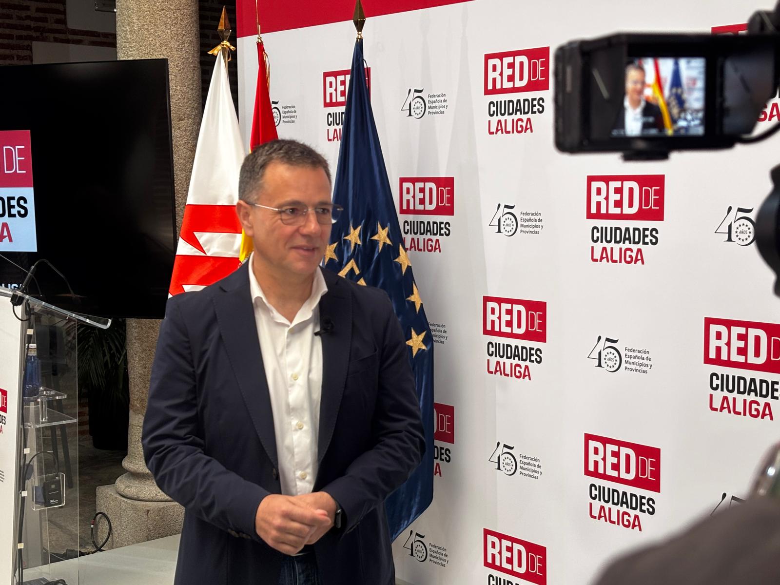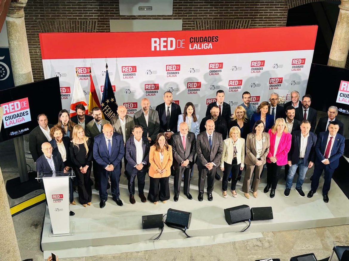 El alcalde Manuel Serrano y el concejal de Deportes, Francisco Villaescusa, han participado en Madrid en el acto de presentación de la Red de Ciudades LaLiga, impulsada por la FEMP para favorecer la convivencia, la inclusión y el respeto en el mundo del fútbol. En el acto han intervenido los presidentes de la LaLiga, Javier Tebas, y del Senado, Pedro Rollán.
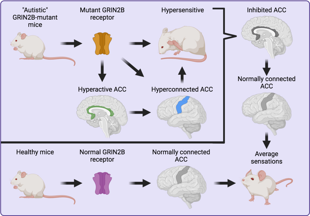 Knowing autistic individuals are more sensitive than average, researchers recorded mutated-GRIN2B mice responses to physical sensation tests. On each test (mechanical, electrical, and heat), the mutated-GRIN2B mice’s results showed they were more sensitive to the stimuli.2 Notably, upon testing the mutated-GRIN2B mice, their brain signals increased due to the activities and stress; however, amongst all brain regions, there was a significant increase in the Anterior Cingulate Cortex (ACC).2 The ACC is a massively important hub in the brain, known for chronic pain and error detection,9 among other things. To test if this increased excitability in the ACC influenced the sensitive behaviors in the mutated-GRIN2B mice, the researchers blocked most glutamate neuron activity in the ACC. As a result, the hypersensitive behaviors in the GRIN2B-mutant mice vanished.2
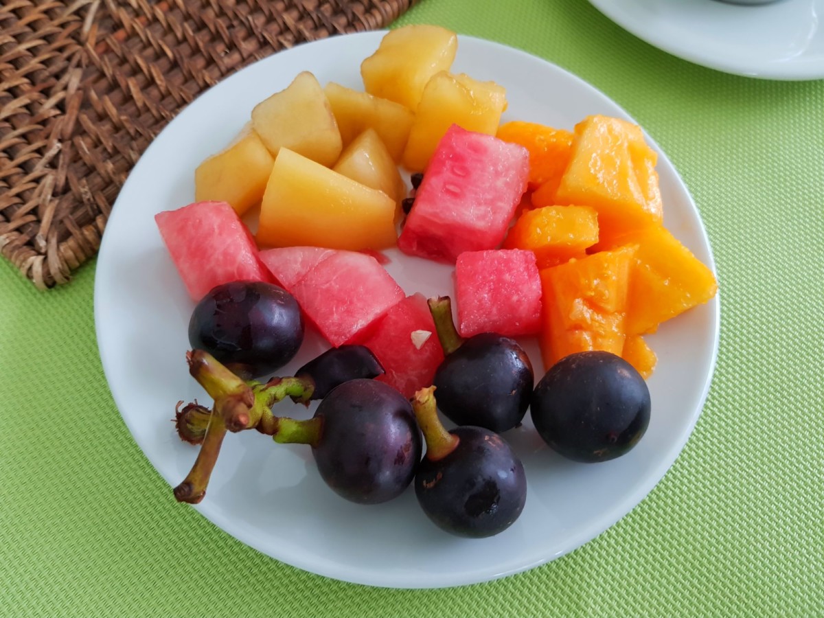 Melon, ananas, arbuz, śliwki i orzechy brazylijskie, śniadanie w Bogocie, Kolumbia
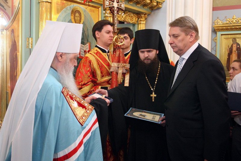 После награждения Игорь Викторович Ларин обратился к присутствующим со словом: «Ваше Высокопреосвященство, дорогой и горячо любимый Владыка! Сегодня я переживаю очень волнительные минуты, поскольку слова, сказанные вами здесь, в этом храме, сказаны не только в знак благодарности, но и в знак назидания на будущие дела. Я с радостью вспоминаю часы первого нашего знакомства на этом предприятии, когда во время вашего посещения мы посадили небольшие саженцы берёз. Они сегодня выросли и, расправив свои ветви над предприятием, дали глубокие корни. Это знак того, что те дела, на которые вы нас благословили, распространяются все шире и шире. Те успехи, которые в течение многих лет предприятие переживало, были достигнуты с помощью Божией. Когда у нас появилась возможность отблагодарить Господа за то, что Он помогает и укрепляет нас, мы приняли решение построить этот храм. Обратились к вам с просьбой благословить строительства. Мы с благодарностью приняли это благословение. Чудесным образом менее чем за два года был построен этот храм и здание, которое к нему примыкает, где расположено церковное помещение и просфорный цех. Те дни, когда строился храм, все сотрудники, принимавшие участие в этом богоугодном деле, с радостью сопереживали каждый день. Приходя сюда, участвовали в различных мероприятиях. Эта радость перешла сюда после того, как был освящен храм. Все, кто приходит в этот храм, получают Божию благодать и помощь. Во время строительства мы неоднократно чувствовали всесильную поддержку Божией Матери, которая проявлялась в разных событиях. Это нас укрепляло. Находясь в этом храме во время служб, я испытываю особую радость, когда люди с детьми во множестве приходят сюда, исповедуются и приобщаются к Церкви. Эти чувства нельзя ни с чем сравнить, потому что они дают ту радость, которую ничем нельзя заменить. Наблюдая за последними событиями, которые мы все знаем, событиями, связанными с давлением на Церковь со стороны тех сил, которым не нравится этот процесс, и они хотят ему противостоять, нас это сильно огорчает, но в то же время и укрепляет. Если обратиться к истории Церкви и государства, то мы вспомним, что, когда такие процессы начинались и их вовремя не останавливали, то наше государство и народ подвергались страшным событиям. Та реакция, которая сегодня в нашем российском народе проявилась, – это знак того, что люди понимают главный путь – путь спасения.
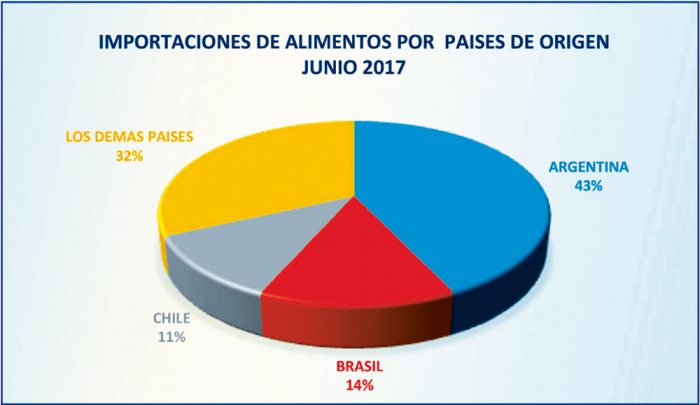 Argentina con 43% es el país de donde se realizan las mayores importaciones de alimentos y bebidas, seguido de Brasil con 14% y Chile con 11%.
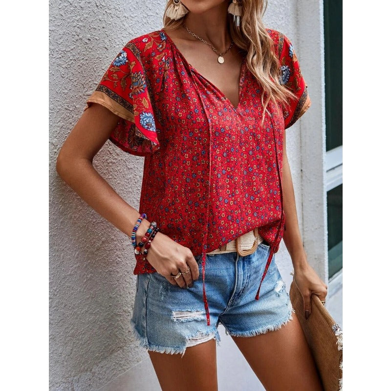 Wholesale Casual Print V -neck Loose Short Sleeves
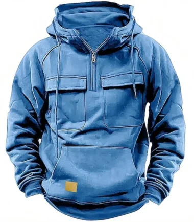Be the first to review “New autumn-winter men’s hooded solid-color casual hoodie – fashionable young man’s multi-pocket patch hoodie pullover shirt”
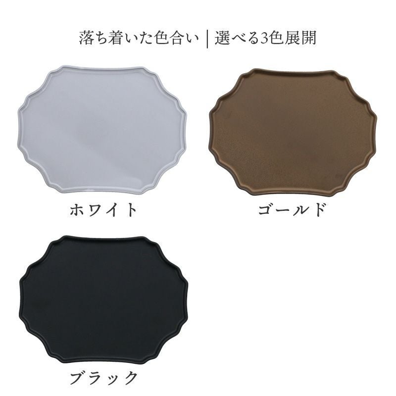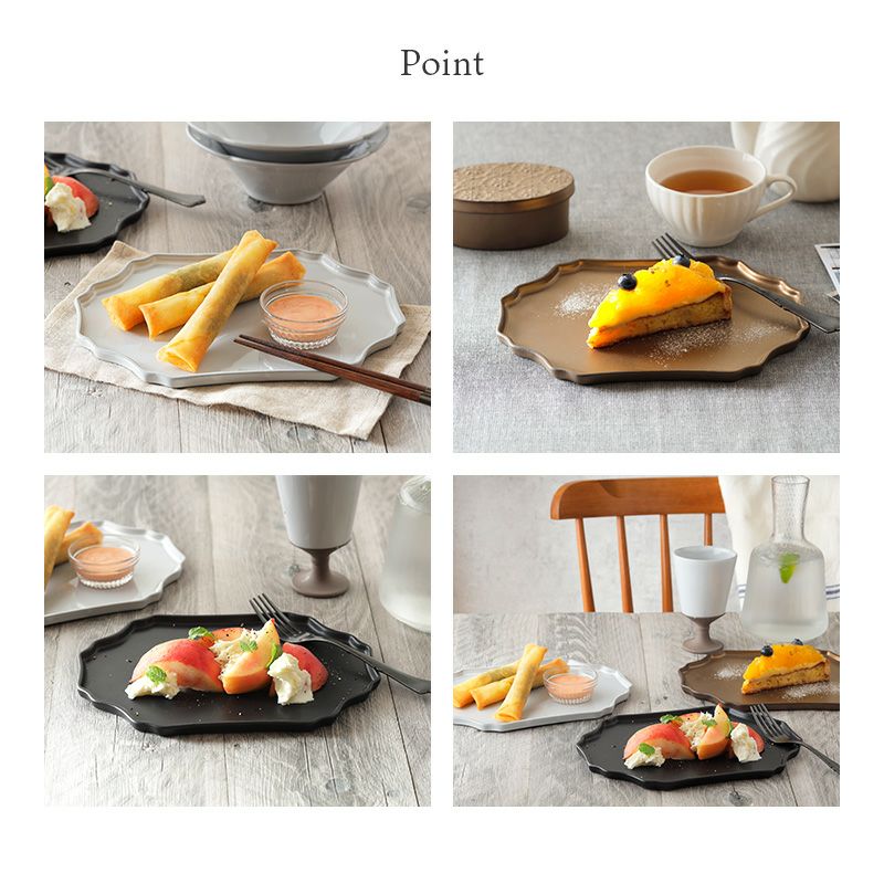 高級感のあるおしゃれなプレート。 雰囲気がぐっと引き締まって、テーブル全体を大人風にコーディネート。 中皿サイズで、取り皿はもちろん、前菜皿や副菜皿に活躍します。 サラダ皿、パン皿、ケーキ皿などデザートプレート等、多用途に使える便利なお皿です。
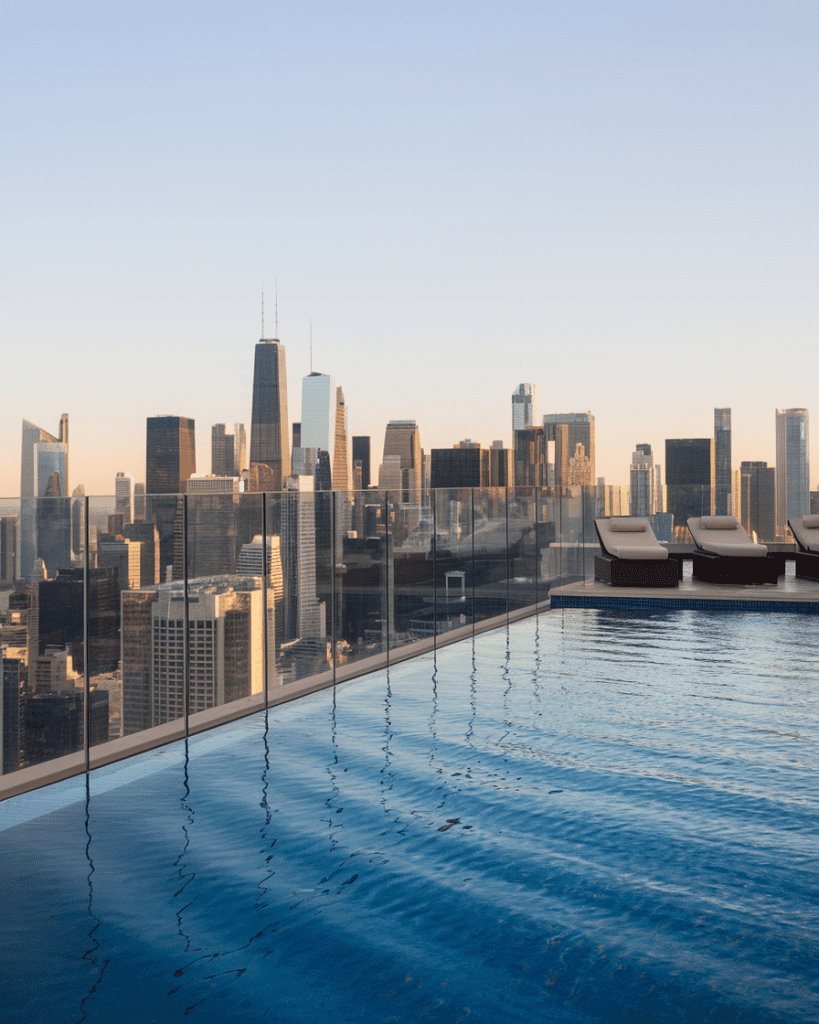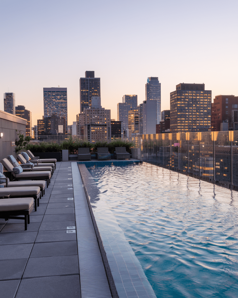 If you live in the city and don’t have a backyard, a rooftop pool can be a cool option. It’s modern and saves space. With cool features like infinity edges and glass paneling, it feels like a fancy getaway. If you’re on a budget, go for a small above ground plunge pool with a chic deck.
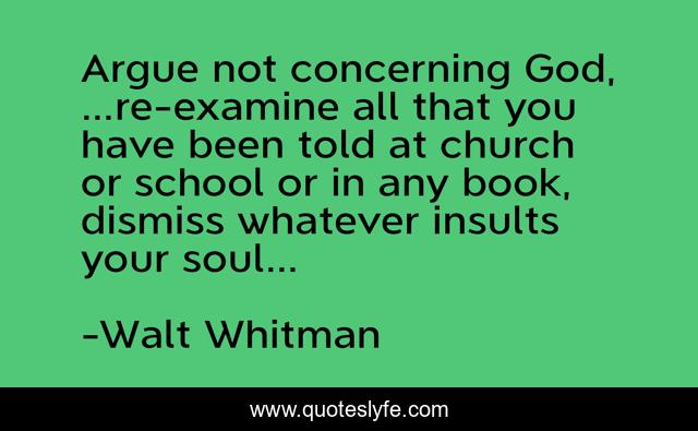 This page presents the quote "Argue not concerning God, …re-examine all that you have been told at church or school or in any book, dismiss whatever insults your soul…". Author of this quote is Walt Whitman. This quote is about religion, personal-faith, inspirational, enthusiasm,.
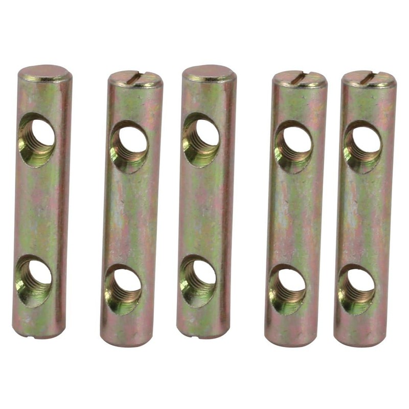 TOP-VIGOR 5Pcs M8x60mm Dual Hole Zinc Plated Iron Slotted Drive Cross Dowel Barrel Nut for Crib Bunk Bed Furniture Cot
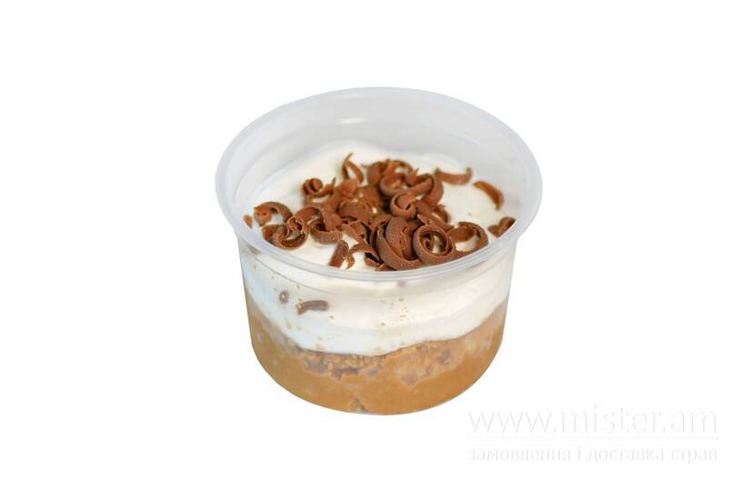 Бісквіт з апельсиновою цедрою, соус з трьох видів молока: згущене молоко сире, згущене молоко варене, молоко звичайне, крем з маскарпоне та вершками, посипаний шоколадними кучерями.
========
→ Exercise goal:
Copy every record exactly, dropping the images.

→ Your response:
 El alcalde Manuel Serrano y el concejal de Deportes, Francisco Villaescusa, han participado en Madrid en el acto de presentación de la Red de Ciudades LaLiga, impulsada por la FEMP para favorecer la convivencia, la inclusión y el respeto en el mundo del fútbol. En el acto han intervenido los presidentes de la LaLiga, Javier Tebas, y del Senado, Pedro Rollán.
 Knowing autistic individuals are more sensitive than average, researchers recorded mutated-GRIN2B mice responses to physical sensation tests. On each test (mechanical, electrical, and heat), the mutated-GRIN2B mice’s results showed they were more sensitive to the stimuli.2 Notably, upon testing the mutated-GRIN2B mice, their brain signals increased due to the activities and stress; however, amongst all brain regions, there was a significant increase in the Anterior Cingulate Cortex (ACC).2 The ACC is a massively important hub in the brain, known for chronic pain and error detection,9 among other things. To test if this increased excitability in the ACC influenced the sensitive behaviors in the mutated-GRIN2B mice, the researchers blocked most glutamate neuron activity in the ACC. As a result, the hypersensitive behaviors in the GRIN2B-mutant mice vanished.2
 Melon, ananas, arbuz, śliwki i orzechy brazylijskie, śniadanie w Bogocie, Kolumbia
 После награждения Игорь Викторович Ларин обратился к присутствующим со словом: «Ваше Высокопреосвященство, дорогой и горячо любимый Владыка! Сегодня я переживаю очень волнительные минуты, поскольку слова, сказанные вами здесь, в этом храме, сказаны не только в знак благодарности, но и в знак назидания на будущие дела. Я с радостью вспоминаю часы первого нашего знакомства на этом предприятии, когда во время вашего посещения мы посадили небольшие саженцы берёз. Они сегодня выросли и, расправив свои ветви над предприятием, дали глубокие корни. Это знак того, что те дела, на которые вы нас благословили, распространяются все шире и шире. Те успехи, которые в течение многих лет предприятие переживало, были достигнуты с помощью Божией. Когда у нас появилась возможность отблагодарить Господа за то, что Он помогает и укрепляет нас, мы приняли решение построить этот храм. Обратились к вам с просьбой благословить строительства. Мы с благодарностью приняли это благословение. Чудесным образом менее чем за два года был построен этот храм и здание, которое к нему примыкает, где расположено церковное помещение и просфорный цех. Те дни, когда строился храм, все сотрудники, принимавшие участие в этом богоугодном деле, с радостью сопереживали каждый день. Приходя сюда, участвовали в различных мероприятиях. Эта радость перешла сюда после того, как был освящен храм. Все, кто приходит в этот храм, получают Божию благодать и помощь. Во время строительства мы неоднократно чувствовали всесильную поддержку Божией Матери, которая проявлялась в разных событиях. Это нас укрепляло. Находясь в этом храме во время служб, я испытываю особую радость, когда люди с детьми во множестве приходят сюда, исповедуются и приобщаются к Церкви. Эти чувства нельзя ни с чем сравнить, потому что они дают ту радость, которую ничем нельзя заменить. Наблюдая за последними событиями, которые мы все знаем, событиями, связанными с давлением на Церковь со стороны тех сил, которым не нравится этот процесс, и они хотят ему противостоять, нас это сильно огорчает, но в то же время и укрепляет. Если обратиться к истории Церкви и государства, то мы вспомним, что, когда такие процессы начинались и их вовремя не останавливали, то наше государство и народ подвергались страшным событиям. Та реакция, которая сегодня в нашем российском народе проявилась, – это знак того, что люди понимают главный путь – путь спасения.
 Argentina con 43% es el país de donde se realizan las mayores importaciones de alimentos y bebidas, seguido de Brasil con 14% y Chile con 11%.
 Wholesale Casual Print V -neck Loose Short Sleeves
Be the first to review “New autumn-winter men’s hooded solid-color casual hoodie – fashionable young man’s multi-pocket patch hoodie pullover shirt”
 高級感のあるおしゃれなプレート。 雰囲気がぐっと引き締まって、テーブル全体を大人風にコーディネート。 中皿サイズで、取り皿はもちろん、前菜皿や副菜皿に活躍します。 サラダ皿、パン皿、ケーキ皿などデザートプレート等、多用途に使える便利なお皿です。
 If you live in the city and don’t have a backyard, a rooftop pool can be a cool option. It’s modern and saves space. With cool features like infinity edges and glass paneling, it feels like a fancy getaway. If you’re on a budget, go for a small above ground plunge pool with a chic deck.
 This page presents the quote "Argue not concerning God, …re-examine all that you have been told at church or school or in any book, dismiss whatever insults your soul…". Author of this quote is Walt Whitman. This quote is about religion, personal-faith, inspirational, enthusiasm,.
 TOP-VIGOR 5Pcs M8x60mm Dual Hole Zinc Plated Iron Slotted Drive Cross Dowel Barrel Nut for Crib Bunk Bed Furniture Cot
 Бісквіт з апельсиновою цедрою, соус з трьох видів молока: згущене молоко сире, згущене молоко варене, молоко звичайне, крем з маскарпоне та вершками, посипаний шоколадними кучерями.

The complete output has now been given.